Bayes Rules! [book review]

Posted in Books, Kids, Mountains, pictures, R, Running, Statistics, University life with tags , , , , , , , , , , , , , , , , , , , , , , , , , , , , , , , , on July 5, 2022 by xi'an

Bayes Rules! is a new introductory textbook on Applied Bayesian Model(l)ing, written by Alicia Johnson (Macalester College), Miles Ott (Johnson & Johnson), and Mine Dogucu (University of California Irvine). Textbook sent to me by CRC Press for review. It is available (free) online as a website and has a github site, as well as a bayesrule R package. (Which reminds me that both our own book R packages, bayess and mcsm, have gone obsolete on CRAN! And that I should find time to figure out the issue for an upgrading…)

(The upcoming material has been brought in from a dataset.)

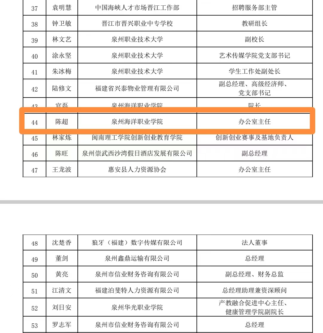 近日,经我校推荐,福建省退役军人事务厅层层选拔,我院陈超老师被福建省退役军人事务厅聘请为第二批福建省退役军人就业创业指导团队专家成员。

As far as I can tell [from abroad and from only teaching students with a math background], Bayes Rules! seems to be catering to early (US) undergraduate students with very little exposure to mathematical statistics or probability, as it introduces basic probability notions like pmf, joint distribution, and Bayes’ theorem (as well as Greek letters!) and shies away from integration or algebra (a covariance matrix occurs on page 437 with a lot . For instance, the Normal-Normal conjugacy derivation is considered a “mouthful” (page 113). The exposition is somewhat stretched along the 500⁺ pages as a result, imho, which is presumably a feature shared with most textbooks at this level, and, accordingly, the exercises and quizzes are more about intuition and reproducing the contents of the chapter than technical. In fact, I did not spot there a mention of sufficiency, consistency, posterior concentration (almost made on page 113), improper priors, ergodicity, irreducibility, &tc., while other notions are not precisely defined, like ESS, weakly informative (page 234) or vague priors (page 77), prior information—which makes the negative answer to the quiz “All priors are informative”  (page 90) rather confusing—, R-hat, density plot, scaled likelihood, and more.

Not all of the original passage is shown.